Source data:
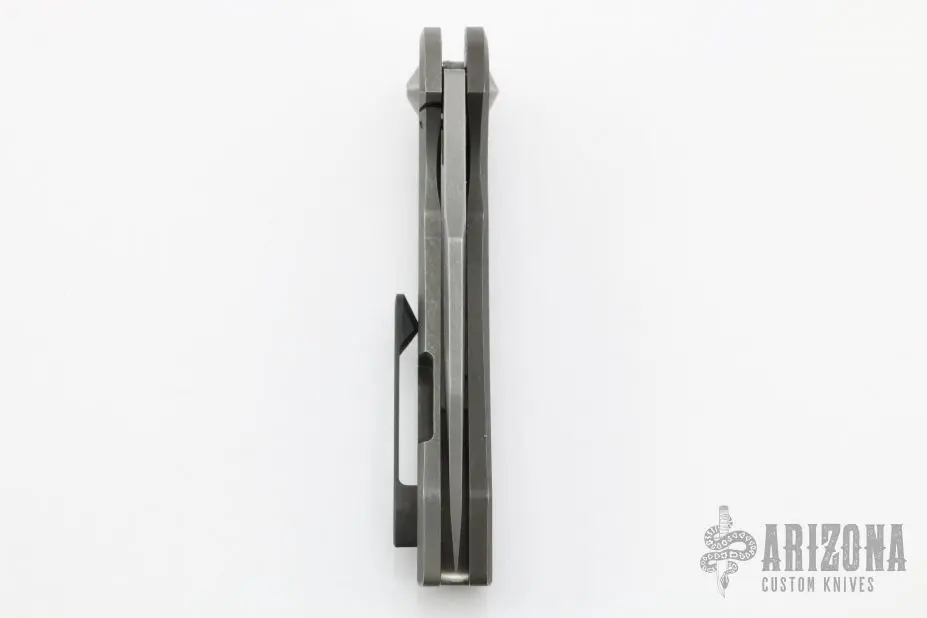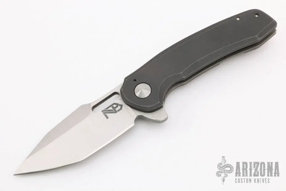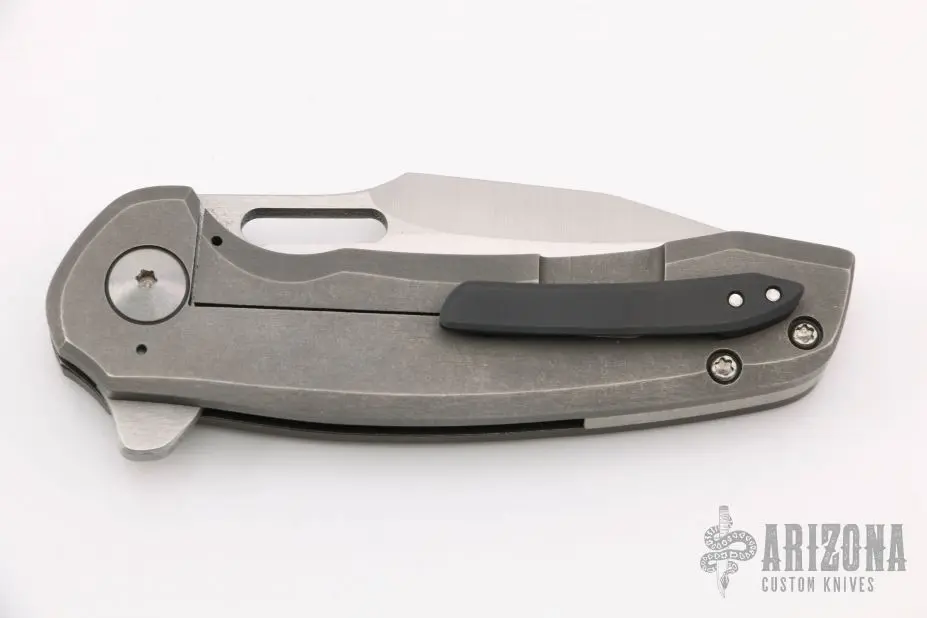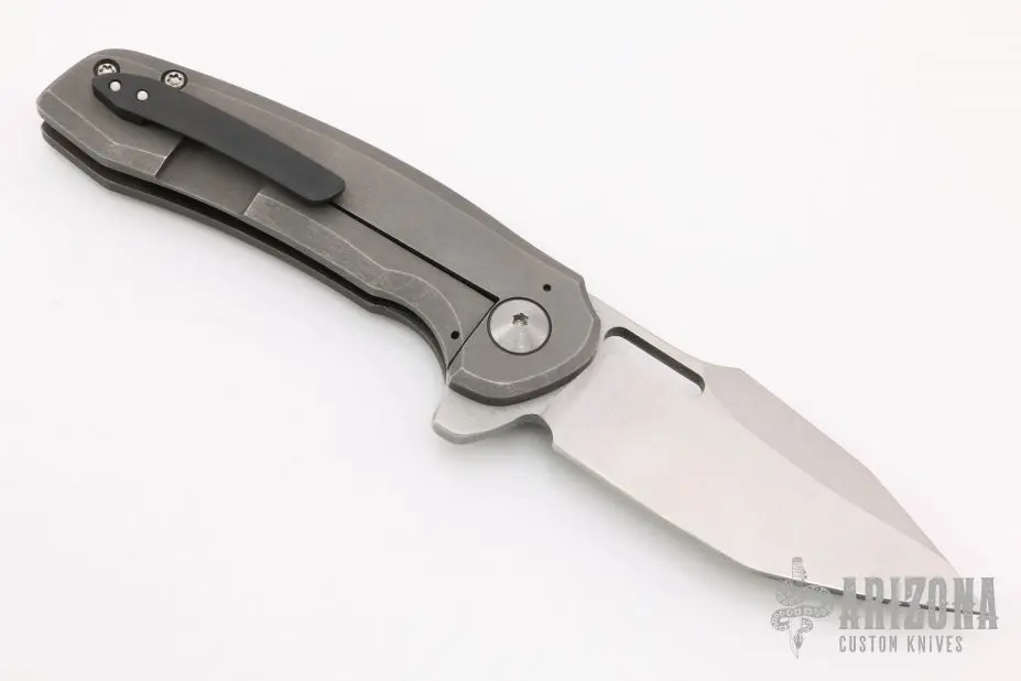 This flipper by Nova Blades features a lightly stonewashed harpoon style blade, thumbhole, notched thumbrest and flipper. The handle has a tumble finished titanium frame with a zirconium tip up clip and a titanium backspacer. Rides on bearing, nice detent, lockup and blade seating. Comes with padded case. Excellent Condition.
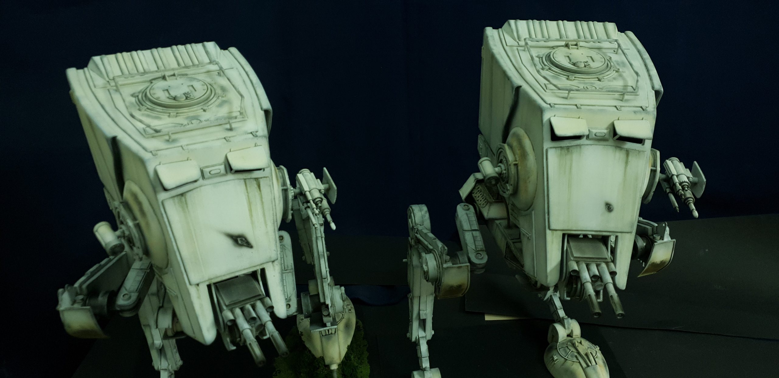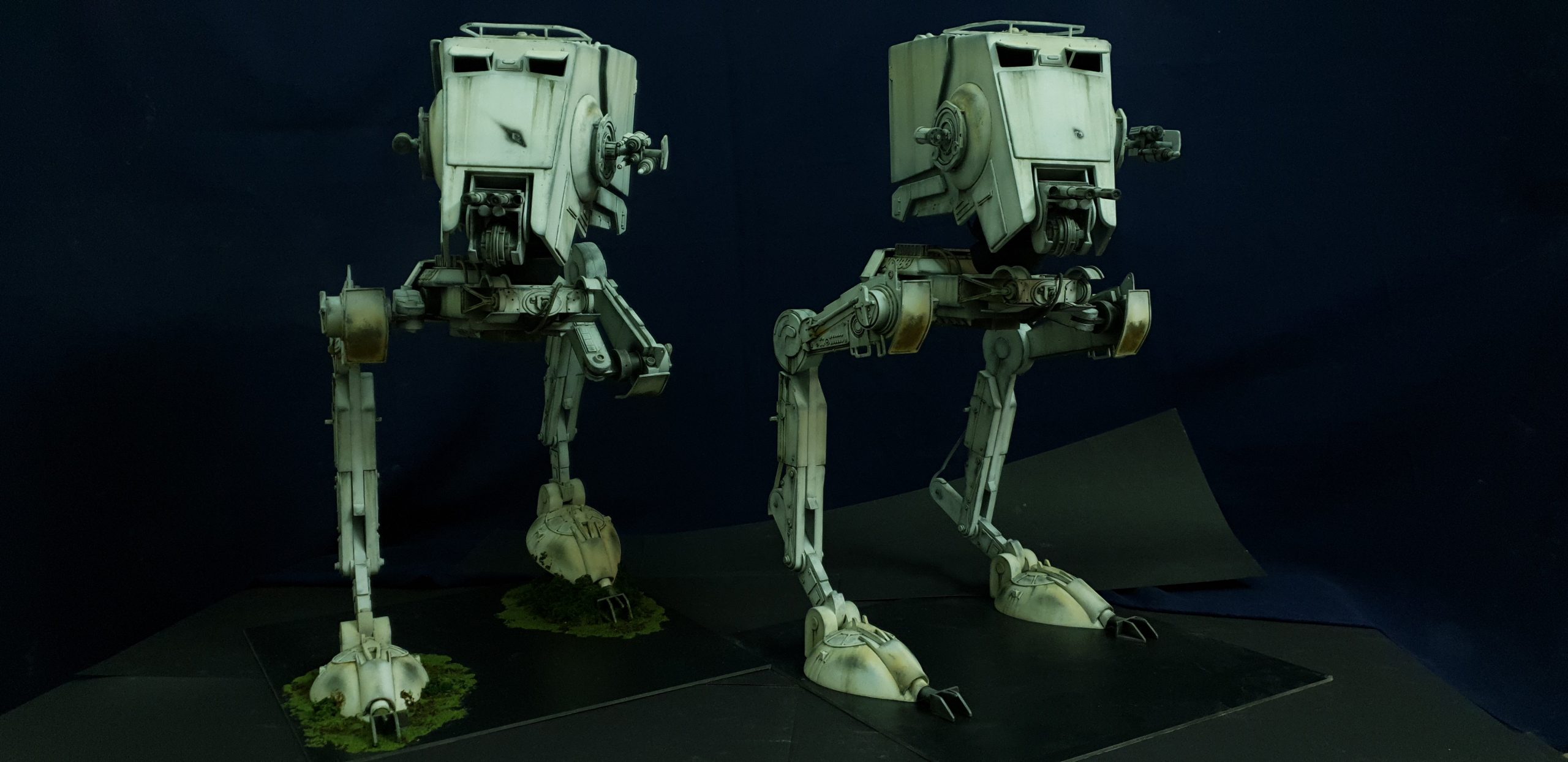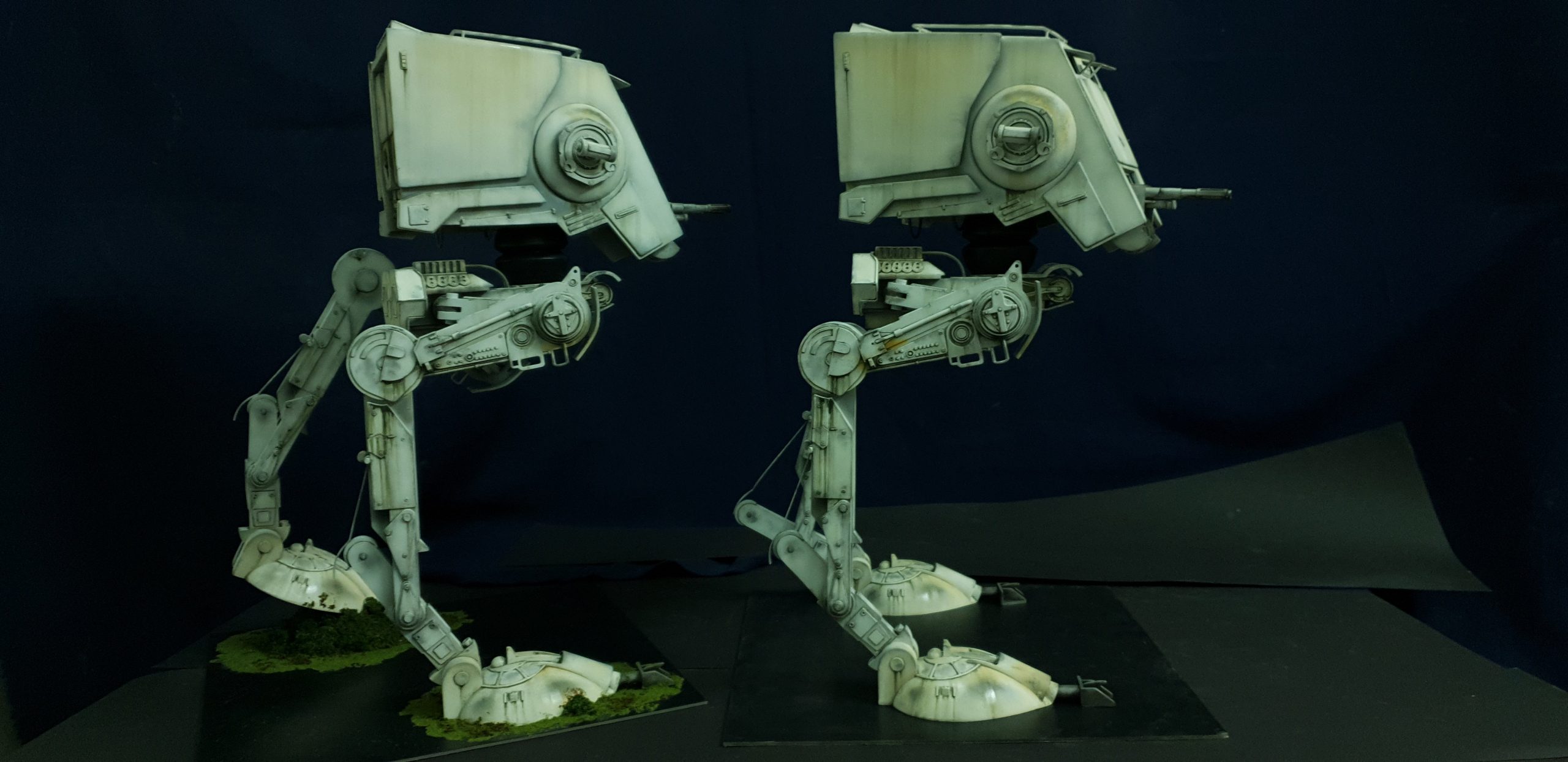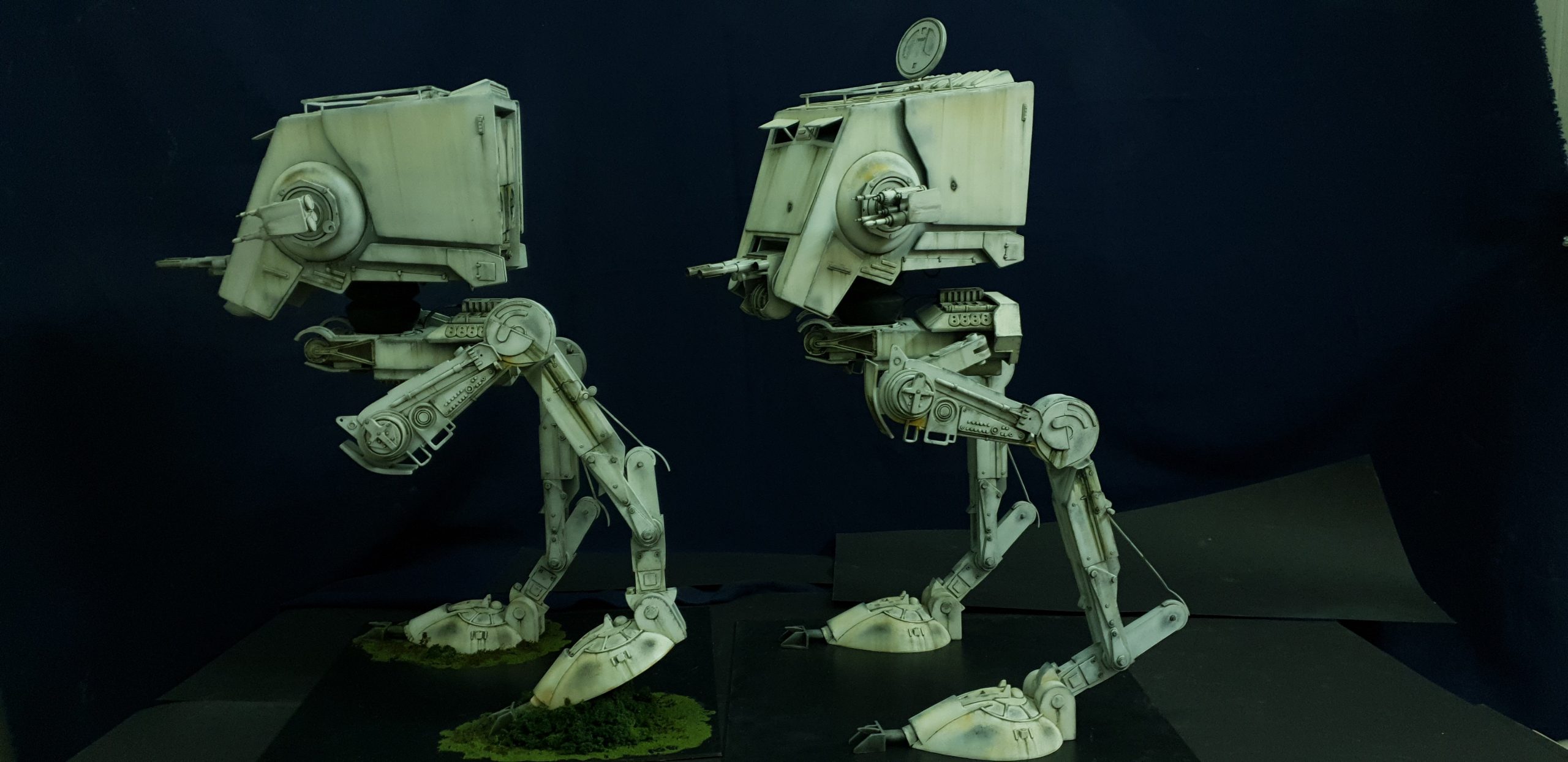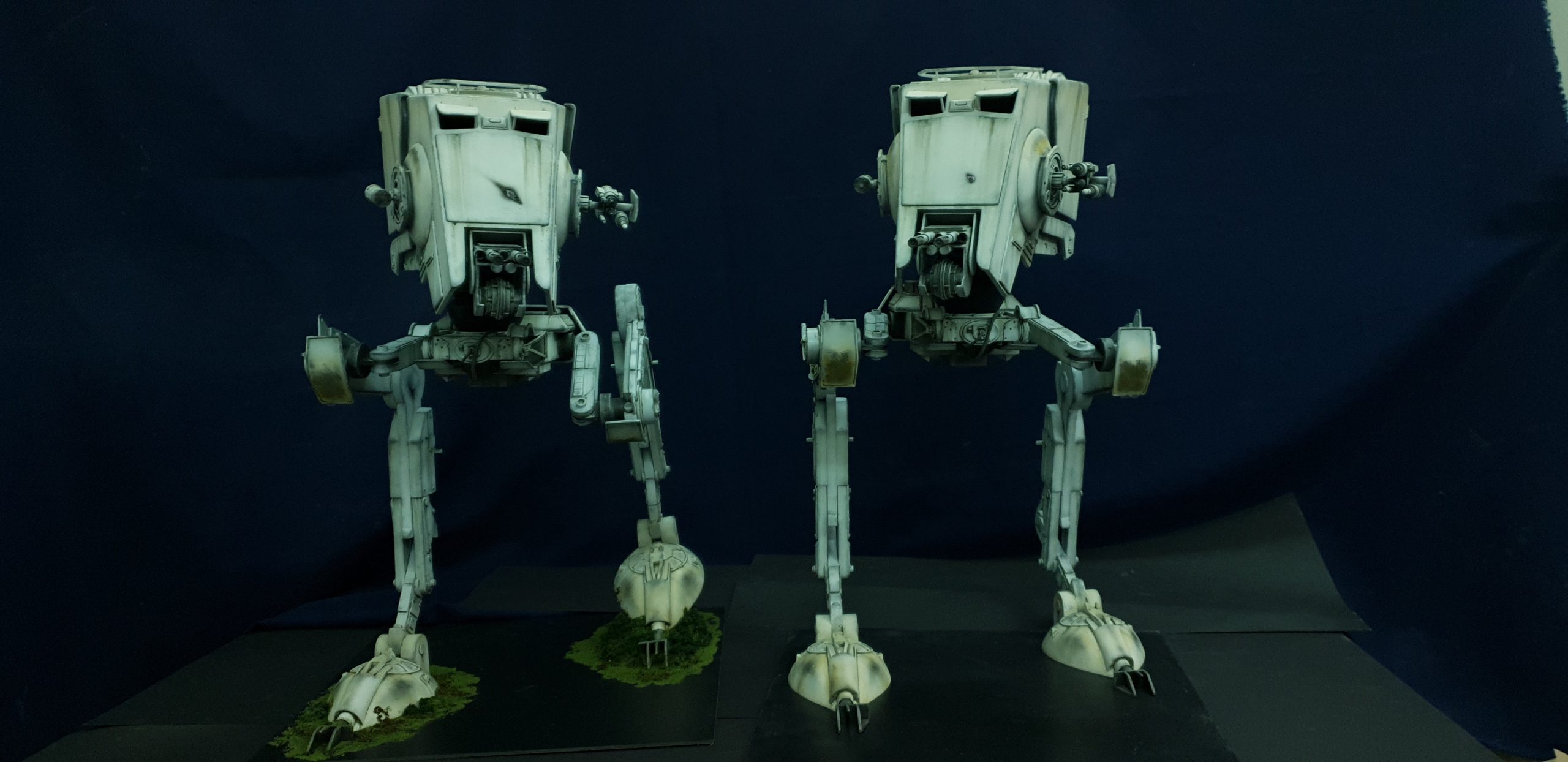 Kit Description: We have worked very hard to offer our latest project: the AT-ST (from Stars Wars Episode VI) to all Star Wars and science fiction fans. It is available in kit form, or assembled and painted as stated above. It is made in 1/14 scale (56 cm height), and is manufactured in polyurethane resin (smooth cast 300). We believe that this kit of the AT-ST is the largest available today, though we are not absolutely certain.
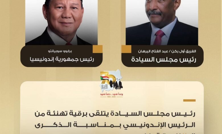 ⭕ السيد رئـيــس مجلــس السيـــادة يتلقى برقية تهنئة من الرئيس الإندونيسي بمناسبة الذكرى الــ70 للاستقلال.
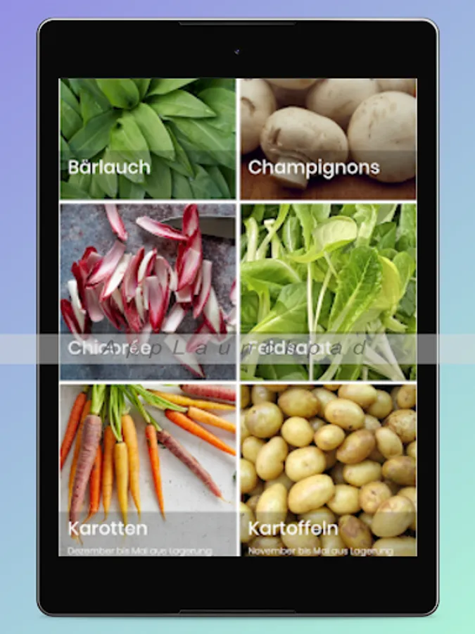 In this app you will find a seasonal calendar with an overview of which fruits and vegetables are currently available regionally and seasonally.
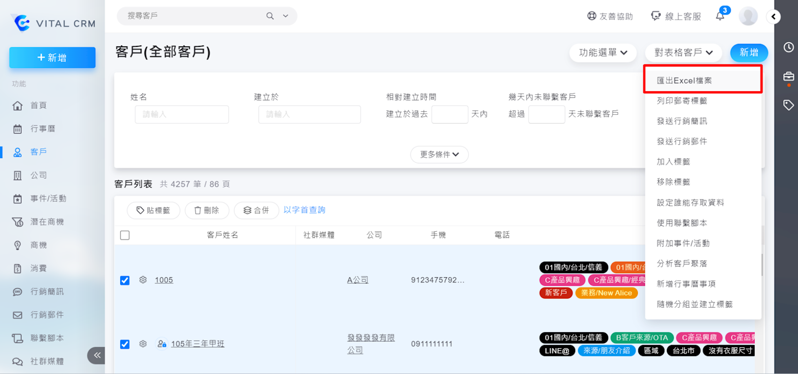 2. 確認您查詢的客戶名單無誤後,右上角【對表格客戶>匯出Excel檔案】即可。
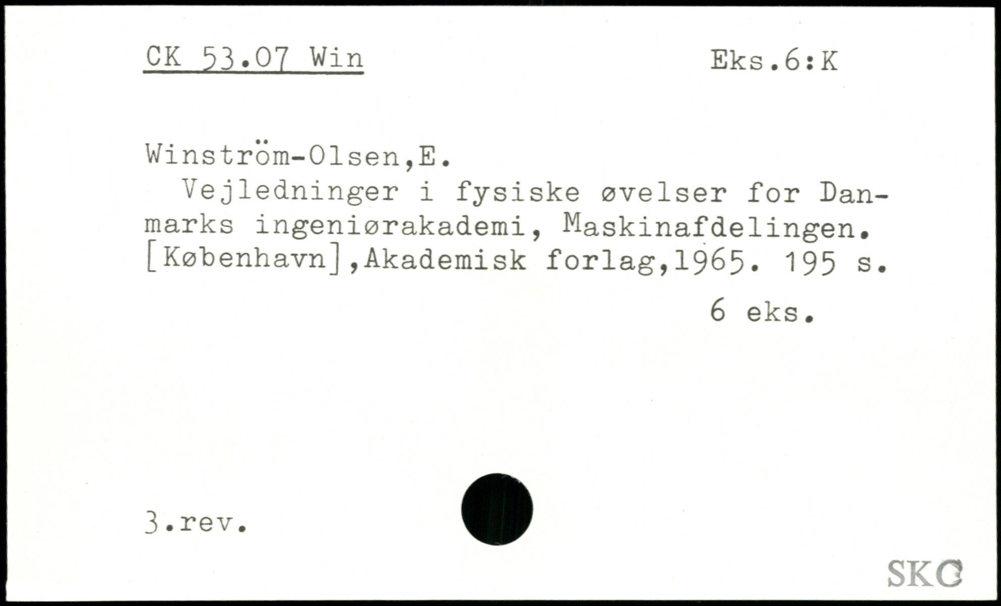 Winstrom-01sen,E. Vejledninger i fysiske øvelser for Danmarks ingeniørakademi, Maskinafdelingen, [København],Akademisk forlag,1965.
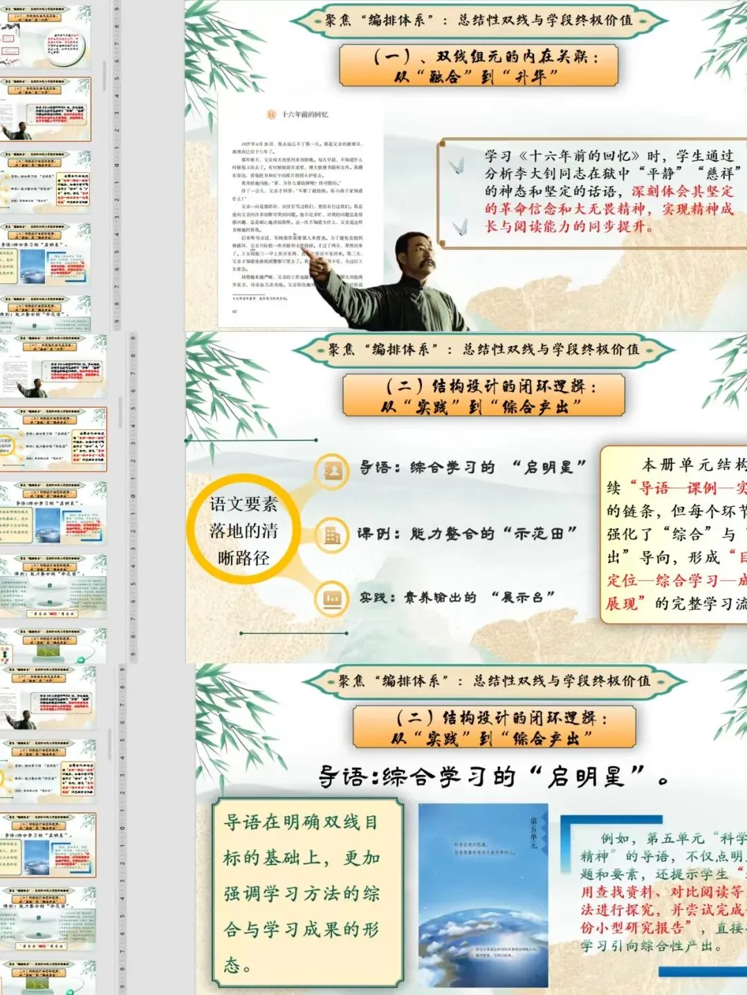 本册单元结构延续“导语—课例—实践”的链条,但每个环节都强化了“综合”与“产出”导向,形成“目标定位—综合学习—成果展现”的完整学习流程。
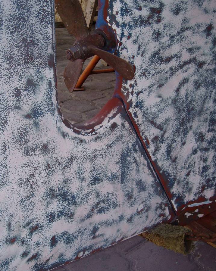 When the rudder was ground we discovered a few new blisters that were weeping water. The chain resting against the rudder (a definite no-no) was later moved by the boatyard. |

▶ [Problem to solve]:
Please repeat, exactly as written, the lines in the records above, starting with the one that has "In this app" and going on through the one that has "Winstrom-01sen,E. Vejledninger i". Pictures are to be left out.

▶ [Exercise result]:
 In this app you will find a seasonal calendar with an overview of which fruits and vegetables are currently available regionally and seasonally.
 2. 確認您查詢的客戶名單無誤後,右上角【對表格客戶>匯出Excel檔案】即可。
 Winstrom-01sen,E. Vejledninger i fysiske øvelser for Danmarks ingeniørakademi, Maskinafdelingen, [København],Akademisk forlag,1965.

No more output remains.